Lucian Cook, Head of Residential Research, considers how the Brexit pendulum will swing and takes comfort in the longer-term view
Over seven days in October 1971, the House of Commons debated whether the UK should join the European Community. Despite the polls showing more people were against membership than for, 356 MPs voted in favour of joining, with 244 voting against.
The 112 majority far exceeded most predictions. Although 39 Conservative MPs voted against the Government, 69 Labour MPs voted with it. The New York Times described it as a “tremendous victory” for the then prime minister Edward Heath and “the fulfilment of a long-standing vision of Britain in Europe”.
Between the parliamentary decision to join the EU and formal accession in January 1973, the average price of the UK house rose by 50% in nominal terms (37% even after accounting for inflation), as ‘The Barber Boom’ took hold.
Fast forward more than 46 years and, as the UK seeks to disconnect itself from the EU, things could not be more different.

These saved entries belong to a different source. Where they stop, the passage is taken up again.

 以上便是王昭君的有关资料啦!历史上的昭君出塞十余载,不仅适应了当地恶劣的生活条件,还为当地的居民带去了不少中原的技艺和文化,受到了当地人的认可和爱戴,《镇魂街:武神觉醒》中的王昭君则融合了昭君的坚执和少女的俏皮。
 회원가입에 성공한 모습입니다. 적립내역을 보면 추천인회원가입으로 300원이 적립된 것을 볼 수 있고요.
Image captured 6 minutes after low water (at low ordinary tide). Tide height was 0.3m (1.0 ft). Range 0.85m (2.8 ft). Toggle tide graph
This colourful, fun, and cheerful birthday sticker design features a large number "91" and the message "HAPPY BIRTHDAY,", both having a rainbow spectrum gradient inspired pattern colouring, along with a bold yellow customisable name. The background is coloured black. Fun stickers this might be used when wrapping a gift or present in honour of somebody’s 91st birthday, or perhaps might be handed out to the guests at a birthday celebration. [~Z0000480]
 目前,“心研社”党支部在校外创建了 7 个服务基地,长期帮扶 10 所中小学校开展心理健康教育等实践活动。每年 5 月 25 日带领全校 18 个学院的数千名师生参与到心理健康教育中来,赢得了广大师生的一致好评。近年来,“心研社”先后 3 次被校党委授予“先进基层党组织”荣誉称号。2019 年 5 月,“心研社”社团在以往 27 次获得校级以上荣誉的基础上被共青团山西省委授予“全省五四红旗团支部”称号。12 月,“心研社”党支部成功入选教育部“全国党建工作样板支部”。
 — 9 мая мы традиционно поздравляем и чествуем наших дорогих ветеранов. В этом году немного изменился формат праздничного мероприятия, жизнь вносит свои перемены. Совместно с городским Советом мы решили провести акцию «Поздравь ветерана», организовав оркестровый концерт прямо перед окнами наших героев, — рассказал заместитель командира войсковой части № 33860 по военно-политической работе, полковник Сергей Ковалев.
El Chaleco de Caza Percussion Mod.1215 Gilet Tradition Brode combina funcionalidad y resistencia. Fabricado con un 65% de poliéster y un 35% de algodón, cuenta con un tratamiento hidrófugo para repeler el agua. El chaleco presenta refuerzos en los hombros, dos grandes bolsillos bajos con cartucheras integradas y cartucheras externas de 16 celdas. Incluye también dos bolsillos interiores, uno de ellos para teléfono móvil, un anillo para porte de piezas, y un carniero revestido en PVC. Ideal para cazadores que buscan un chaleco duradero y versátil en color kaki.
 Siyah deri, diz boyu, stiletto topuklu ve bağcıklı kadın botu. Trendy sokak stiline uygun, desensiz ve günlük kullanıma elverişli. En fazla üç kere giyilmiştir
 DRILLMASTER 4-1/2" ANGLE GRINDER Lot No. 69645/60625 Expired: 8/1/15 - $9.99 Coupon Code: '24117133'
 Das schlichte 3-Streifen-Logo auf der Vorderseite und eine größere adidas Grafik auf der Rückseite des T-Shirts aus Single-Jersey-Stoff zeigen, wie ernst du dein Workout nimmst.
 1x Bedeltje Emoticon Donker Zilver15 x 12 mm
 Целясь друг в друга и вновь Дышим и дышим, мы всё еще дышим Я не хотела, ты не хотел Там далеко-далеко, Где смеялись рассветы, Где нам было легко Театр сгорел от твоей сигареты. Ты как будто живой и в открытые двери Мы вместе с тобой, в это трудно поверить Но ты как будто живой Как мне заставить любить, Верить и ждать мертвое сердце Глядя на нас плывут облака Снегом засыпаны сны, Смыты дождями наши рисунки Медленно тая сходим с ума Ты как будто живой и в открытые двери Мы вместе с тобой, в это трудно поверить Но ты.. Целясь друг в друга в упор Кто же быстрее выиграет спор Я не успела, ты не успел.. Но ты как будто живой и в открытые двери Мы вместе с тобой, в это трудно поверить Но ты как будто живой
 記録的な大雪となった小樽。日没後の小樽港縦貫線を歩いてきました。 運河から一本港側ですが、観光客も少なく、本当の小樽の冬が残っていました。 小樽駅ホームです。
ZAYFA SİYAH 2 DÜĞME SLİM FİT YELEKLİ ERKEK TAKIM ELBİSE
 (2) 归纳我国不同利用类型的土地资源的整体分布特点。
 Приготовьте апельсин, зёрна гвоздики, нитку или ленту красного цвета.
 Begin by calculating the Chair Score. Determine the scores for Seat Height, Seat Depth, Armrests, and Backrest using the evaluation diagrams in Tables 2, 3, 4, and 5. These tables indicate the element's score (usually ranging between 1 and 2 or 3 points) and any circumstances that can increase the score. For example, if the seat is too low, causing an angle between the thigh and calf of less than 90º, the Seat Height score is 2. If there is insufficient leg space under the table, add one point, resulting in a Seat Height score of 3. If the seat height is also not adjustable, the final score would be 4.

The result of the political turmoil has been uncertainty. It’s not something the UK housing market – prime or mainstream – much cares for.
Despite high employment and robust wage growth, UK house price indices are flat, with prices falling slightly in real terms.
Across the capital and its commuter zone, values in the prime housing markets are, to a greater or lesser degree, lower than at the time of the referendum. Even in the strongest part of the prime housing market, annual price growth is in low single digits.
High quality, appropriately priced properties continue to trade. But that has required buyers and sellers to be on the same page. It has called for a realignment of expectations and a level of pragmatism that is both unique to trading in a slow housing market and seemingly beyond the grasp of our politicians.
After the EU voted to extend Article 50, Morgan Stanley put the risk of a no-deal Brexit at 5%Savills Research
In the early to mid-1970s things changed quickly. The oil crisis of 1973 sparked uncertainty and, by June 1975, high inflation meant that house prices were falling at 14% per year in real terms. The Government had changed and membership of the European Community was being put to the public vote.
If we are now in a polar opposite situation, what are the chances of the reverse occurring? Whichever way the Brexit pendulum swings, and whatever the fundamentals of demand that underpin the prime housing markets, it will be some time before we have a clear understanding of what lies ahead.
On the plus side, few on either side of the negotiating table relish the prospect of a no-deal Brexit. The combination of an extension to Article 50 to 31 October, the stated desire of a majority in parliament to avoid a no-deal Brexit, and cross-party negotiations suggest that prospect has receded. But it does not necessarily mean we should expect a sustained bounce just yet.
Immediately after the EU voted to extend Article 50, Morgan Stanley put the risk of a no-deal Brexit at just 5%. That should encourage some of those who put decisions on hold. But we expect others to continue to adopt a wait-and-see approach. Morgan Stanley also equally weighted the prospects of a cross-party deal, second referendum and early election suggesting elements of political and economic uncertainty will remain.
Even if a deal is agreed to facilitate such an orderly Brexit, any new leader of the minority government who has to work through the two-year transition period will inherit a half-finished jigsaw. That suggests the expected improvement in buyer sentiment will be limited, that the housing market will remain price sensitive, and that those in the market will need to maintain that sense of pragmatism.
At some point, that uncertainty will pass, heralding a return to more normal market conditions when the fundamentals that underpin the prime property markets will come back into play. That should give comfort to those who are prepared to take a longer-term view, who we believe are likely to remain the backbone of the market until that point.